Open mapk opened 5 years ago

mapk commented 5 years ago

I'm seeing more and more 1-star reviews in the plugin due to the code editor lacking for more advanced HTML & CSS savvy users. It might be time we take a look at how we'd like to improve the Code Editor.

Current Code Editor

Screen Shot 2019-08-12 at 4 47 08 PM


Problem Areas

Screen Shot 2019-08-12 at 4 48 34 PM


Solutions

There are a couple of things to improve here. For one, if we improve the appearance, it can become obvious that the user is in the Code Editor mode and we can then get rid of the Editing code label.

  1. Widen the column of text in the editor to allow the text to fill the horizontal space.
  2. Remove the "block" feeling by getting rid of the borders.
  3. Add syntax highlighting.
  4. Add dark mode.
  5. Add a column of numbered lines.
  6. Get rid of the "Block" tab setting because it's irrelevant in this mode.
  7. In place of the "Block" tab setting, we can add a "Code" tab setting that can include these settings for the Code Editor.
  8. I'd even allow the use of the + block inserter icon so that a user can insert a block in the code editor too! It would just render as code in the document.

Proposed Design

Code Editor

karmatosed commented 5 years ago

Thanks for exploring this @mapk. I have a few thoughts based on this. What we have now for editing is very minimal and a starting point to iterate from. That said, I think there needs to be a conversation about what that iteration needs to be. Editing code is something ideally there would be less need for, unless that person chose. One part of this is really if more have to edit code then there's a deeper problem.

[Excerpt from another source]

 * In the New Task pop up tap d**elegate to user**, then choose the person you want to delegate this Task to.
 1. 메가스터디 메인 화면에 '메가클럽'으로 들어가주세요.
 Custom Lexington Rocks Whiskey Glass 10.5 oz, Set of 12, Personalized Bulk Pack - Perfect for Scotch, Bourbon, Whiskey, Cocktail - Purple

That said, having an experience for those that want to edit is also something to weigh up. A minimal iteration for me would be:

I am not totally convinced in making it look like the old editor and full width. I think having it still be 'of the block' makes a lot of sense as long lines even of code are hard to read anyway.

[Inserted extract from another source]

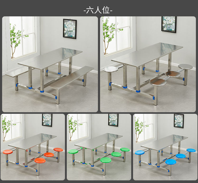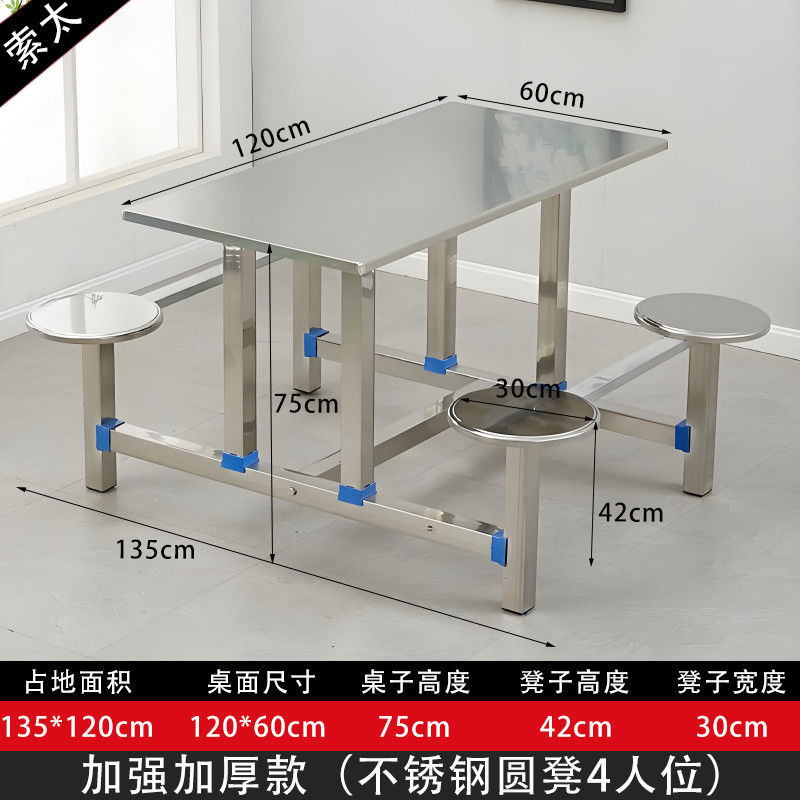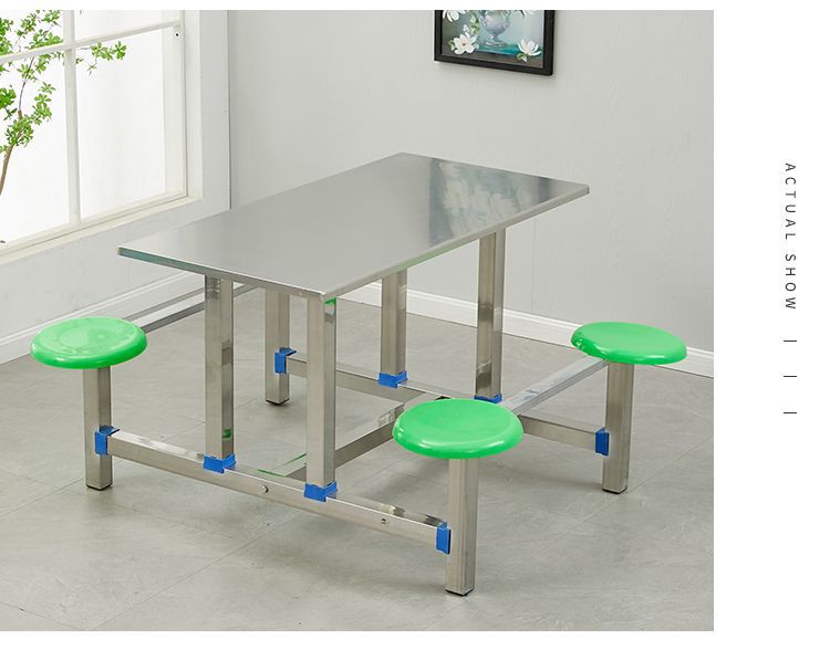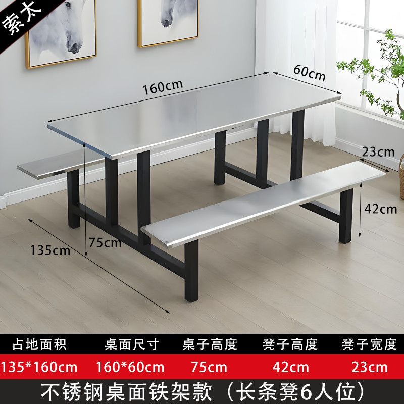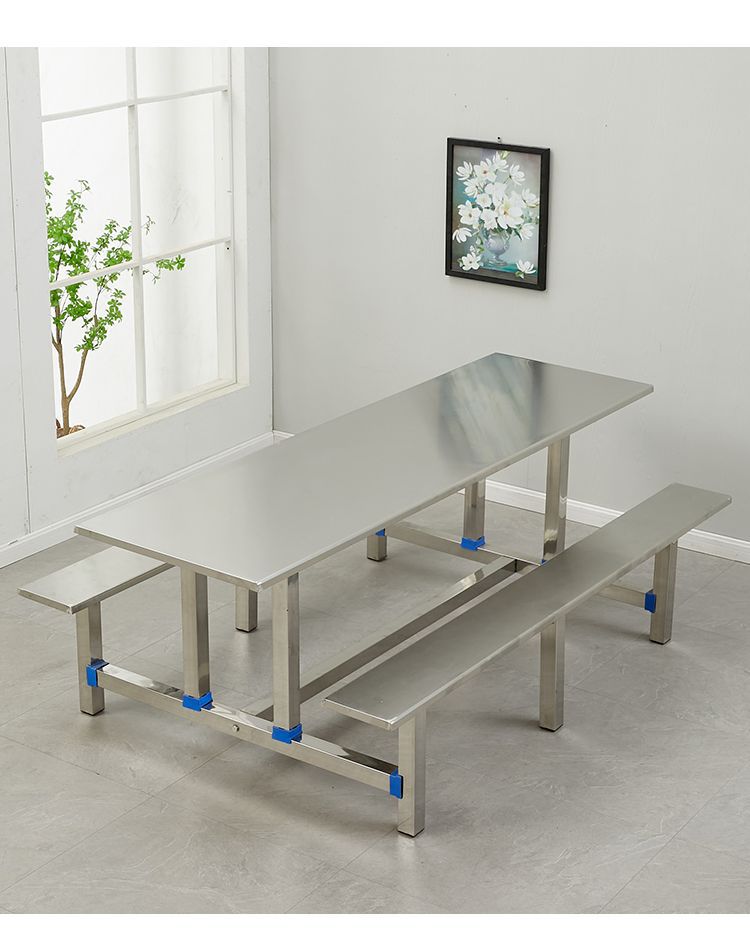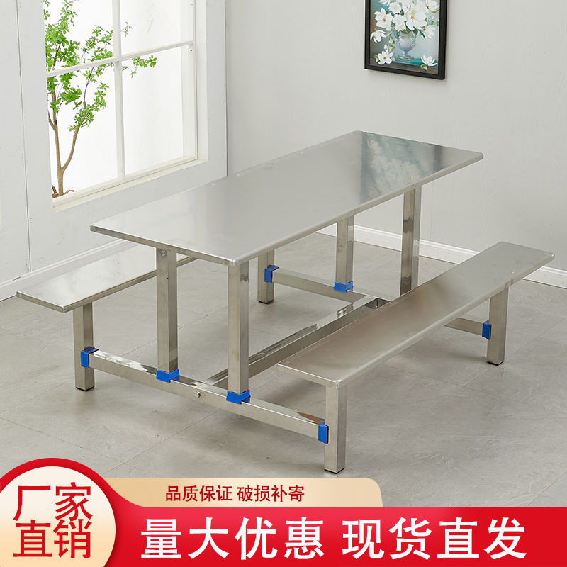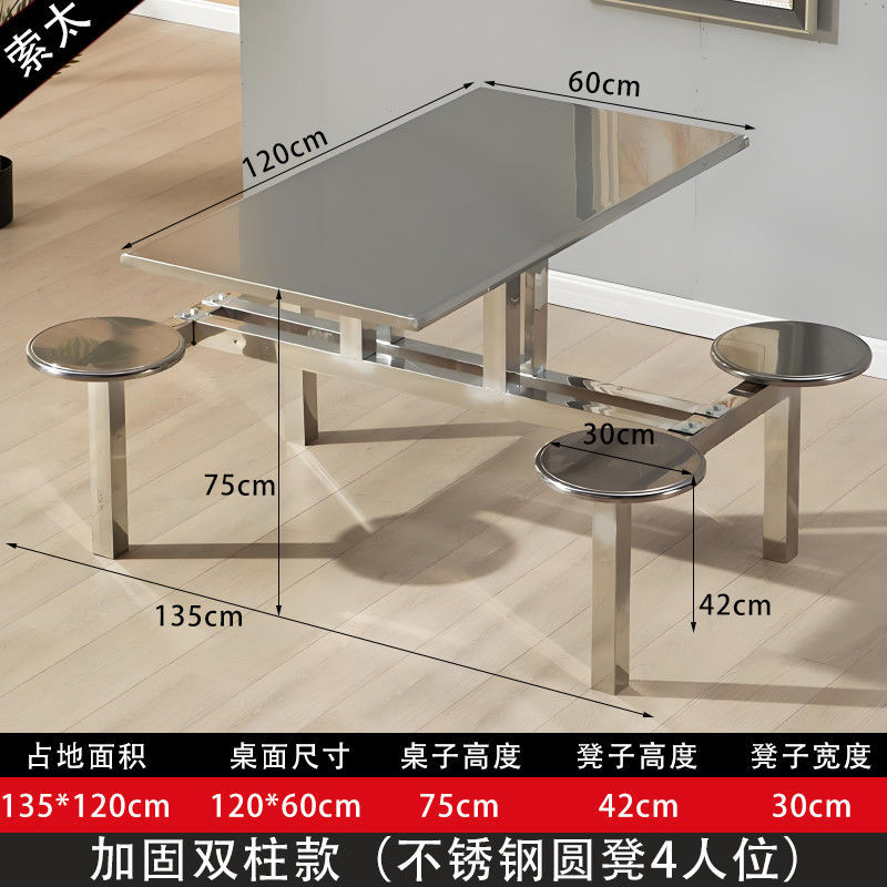 Обеденный стол и стулья из нержавеющей стали для школьной столовой, столовой сотрудников компании, индивидуальная настройка стола для быстрого питания на 4 и 8 человек.

For some of your extra points like dark mode and checkboxes in tab, I think that could be where we have to review if a plugin territory or something to really be of us too lots of people, across range. Totally worth digging into to see if that's case.

spencerfinnell commented 5 years ago

Some syntax highlighting discussion here: https://github.com/WordPress/gutenberg/issues/10423

joyously commented 5 years ago

I don't think syntax highlighting is needed, but I would like to see the simple button toolbar for bold and italic and links (similar to this editor or the Classic editor HTML mode), so small things can be done while in HTML mode via the toolbar. Also important is the selection maintaining from one view to the other.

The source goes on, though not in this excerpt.